This story is by Julie Mast and was part of our 2018 Fall Writing Contest. You can find all the writing contest stories here.
Mr. Monster
Evelyn stared out the window overlooking her backyard. Her forehead fell forward and was pressed firmly against the glass, her eyes closed. The cold pane touched her skin and her reality sank deep leaving her body void and gray. She wanted to release the pain through tears, but fear and anger had squelched her ability to let them flow. The last couple of months played in her mind, starting with when she met Clark.
She had saved up money to take herself out to lunch and a matinee to celebrate her first week of retirement. She sat outside on the patio waiting for her iced tea and listening to a table of young women discuss their dating lives. Evelyn peeked over and realized she was conspicuous without her sunglasses. She reached down to grab them from her purse and an older gentlemen placed his hand on her shoulder. His voice was rich and steady, “Excuse me, may I borrow your chair?”

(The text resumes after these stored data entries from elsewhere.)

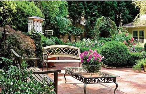 步骤3围合和铺装:所有庭院都必须注意围合的设计,因为斯密和安静必须要靠围栏、实墙、攀爬植物等的围合来实现。在庭院中,使用硬质材料(铺地、隔墙、户外家具)往往是决定庭院设计风格的关键。在古典庭院中,天然旧砖、铸铁家具和花架是成功的关键。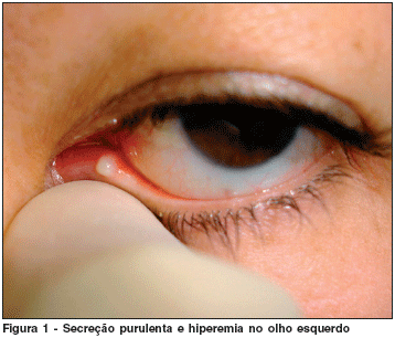 Ao exame clínico inicial apresentava dilatação, hiperemia e edema do ponto lacrimal inferior com saída de secreção purulenta, por este, à expressão (Figura 1).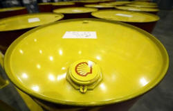 Filled oil drums are seen at Royal Dutch Shell Plc's lubricants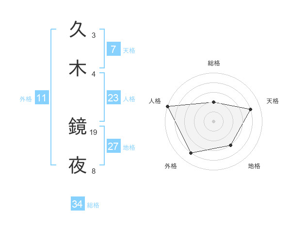 久木 鏡夜さんを姓名の画数から五運を鑑定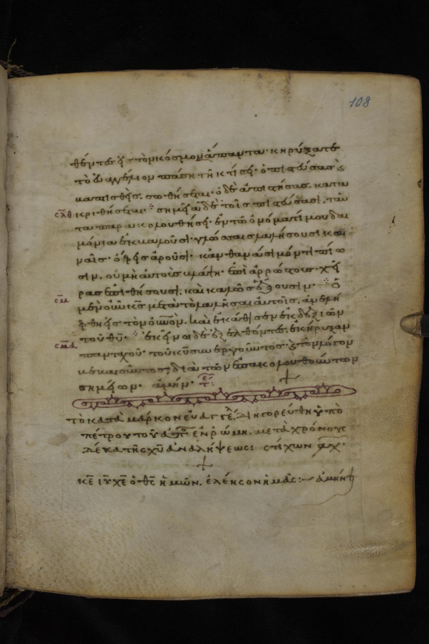 Eleventh or twelfth century minuscule of the Gospels on parchment; 231 leaves, 1 column, 21 lines per column. Images were taken at the National Library of Greece in Athens.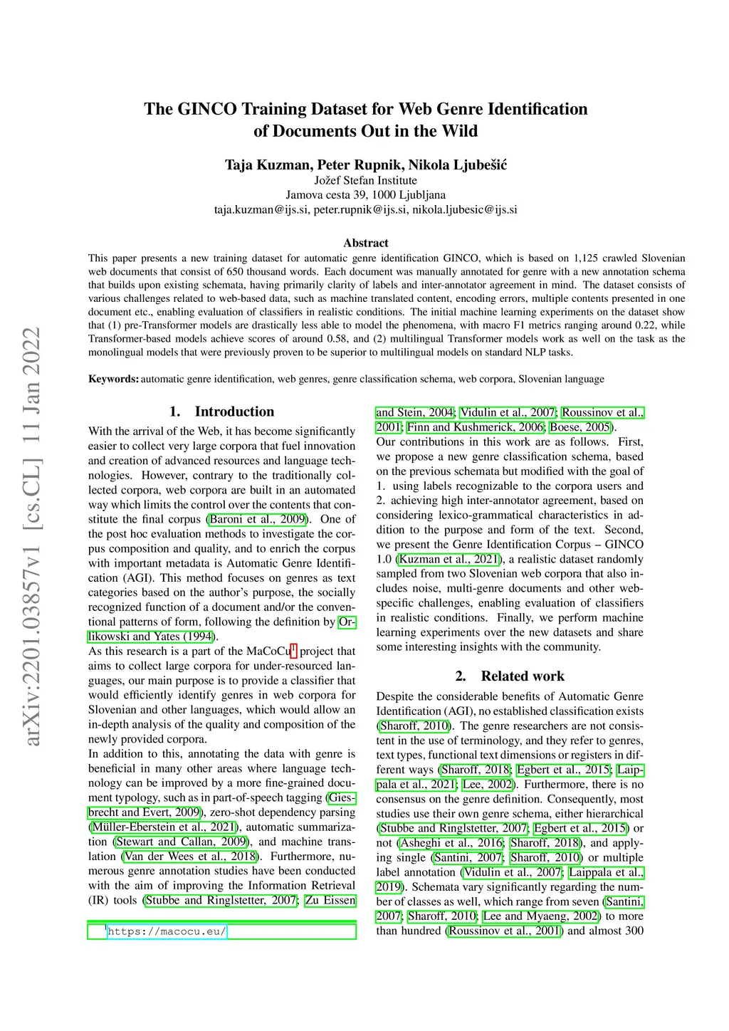The GINCO Training Dataset for Web Genre Identification of Documents Out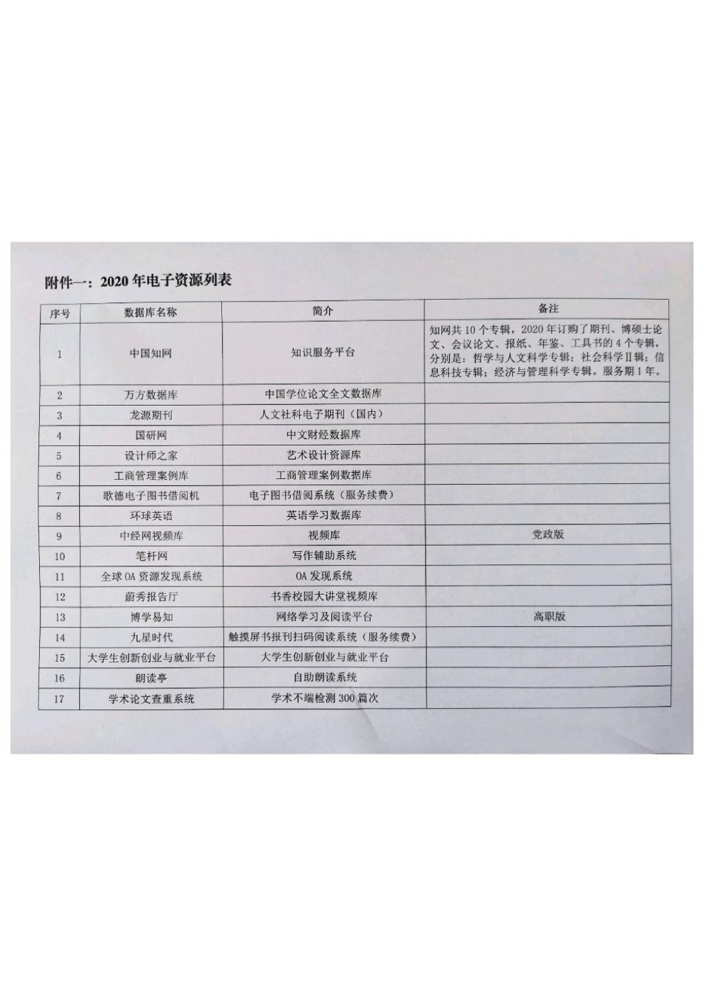 电子资源建设是学校人才培养和学科建设的重要支撑和保障,在学校教育事业发展中发挥了越来越重要的作用。为提高2021年电子资源采购预算经费使用效益,切实增强电子资源采购的针对性和适用性,图书馆现启动2021年电子资源建设项目征集工作,在全校范围内征求各单位对2021年图书馆电子资源订购的需求和建议。图书馆现将2020年的电子资源列表(附件1)发送至各单位,以供参考。
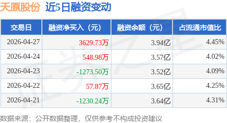 证券之星消息,4月27日,天原股份(002386)融资买入8804.7万元,融资偿还5174.97万元,融资净买入3629.73万元,融资余额3.94亿元,近20个交易日中有15个交易日出现融资净买入。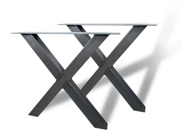 Industriële, stoere en robuuste tafelonderstel met X poten. Deze handgemaakte tafel onderstellen zijn op en top afgewerkt, en dat is ook terug te zien aan onder andere de stoere zichtbare industriële lasnaden en de extra brede bevestigingsplaat.

As she straightened up and looked at his face she saw tanned skin, a white grin and twinkling blue eyes. Although he was probably fifteen years her elder, she found herself caught off guard by his confident, square shoulders. When she nodded, he took the chair away and his expensive cologne hung in the air.
When Evelyn got up to leave Clark showed up behind her at the perfect time to help her with her chair. He asked her to go to dinner with him the next night and before she knew it his charm and ease somehow had her saying yes to a date before she could muster an excuse. Her first date in over twenty-five years.
She moved her head off of the window pane and looked down at her wrinkled, veiny left hand and noticed her wedding band. Clark had told her it was platinum with a perfect one carat diamond. It was silver plated with a cubic zirconia.
Her memory returned to her first marriage. She was standing waiting to walk down the aisle with her dad’s hand cupped around her delicate elbow. Evelyn remembered how she nervously rubbed her mom’s pearl necklace. She stared down at her Frank, her whole life was paved in front her—a beautiful home, two children and many friends to share their lives with. It all fell suddenly and achingly apart when Frank decided to leave her for another woman at work after six years of marriage. Evelyn never recovered. She was left with the house in the divorce settlement and thanks to her inept attorney, was given little else. Life became a struggle as a single mother working to make her house payments.
And now she had managed to marry yet another man that made her life implode. She got up from the window and splashed her face with cold water. She looked in the mirror and realized shame had painted gray circles under her eyes. Her kids were skeptical from the beginning. He was much older and Evelyn and Clark were discussing marriage after just a few weeks of dating long distance.
“Well Mom,” Henry said as he held the door for her, “he seems like a nice guy.” He followed her quick nervous steps to find a table in the coffee shop. He sat down with a heavy sigh. He put his elbows on the edge of the table and rested his chin on his hands. He paused and then said, “I’m just afraid he’s looking for someone to take care of him. You’ve spent your whole life working and taking care of us. Now you’re finally retired and have the freedom you’ve waited for.” Her face twitched as she started to speak, but her words had no air behind them. She paused and took a deep breathe. She began again slowly, “Henry, I know you are concerned. But I need this. I married your father with great hopes of a beautiful life and now I finally have found someone that just wants to spoil me. His wedding present is going to be a new BMW! I will love our life together.”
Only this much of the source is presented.